Spengler auf Deutsch 22: Prosperität im Iran nach dem Nuklearabkommen – eine Fata Morgana

Das Original erschien am 27. Januar 2016 unter dem Titel „Fleeting Chimera: No prosperity for Iran after nuclear deal“ in Asia Times.

Mathematisch ist der Iran beim aktuellen Ölpreis pleite. Nach dem P5+1-Nuklearabkommen wird der Iran zwischen 55 und 150 Milliarden Dollar an eingefrorenen Guthaben zurückerhalten, je nachdem, ob man dem amerikanischen Finanzminister oder seinen eigenen Augen glaubt. Dieses Himmelsgeschenk ist kaum ausreichend, um dem Iran über die nächsten zwei Jahre hinweg zu helfen.

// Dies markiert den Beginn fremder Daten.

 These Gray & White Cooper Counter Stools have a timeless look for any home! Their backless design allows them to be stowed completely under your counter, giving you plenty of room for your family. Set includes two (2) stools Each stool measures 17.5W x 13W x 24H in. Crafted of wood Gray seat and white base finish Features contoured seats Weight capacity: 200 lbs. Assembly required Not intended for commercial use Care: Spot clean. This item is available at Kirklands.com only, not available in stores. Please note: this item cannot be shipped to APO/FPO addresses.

Die Nukleardiplomatie der P5+1-Staaten ging von der Prämisse aus, dass der Iran seine strategischen Ambitionen in der Region für ökonomische Prosperität aufgeben werde. Das Problem ist, dass Prosperität keine realistische Aussicht für den Iran ist; er hat nichts zu gewinnen, wenn er seine strategischen Abenteuer aufgibt.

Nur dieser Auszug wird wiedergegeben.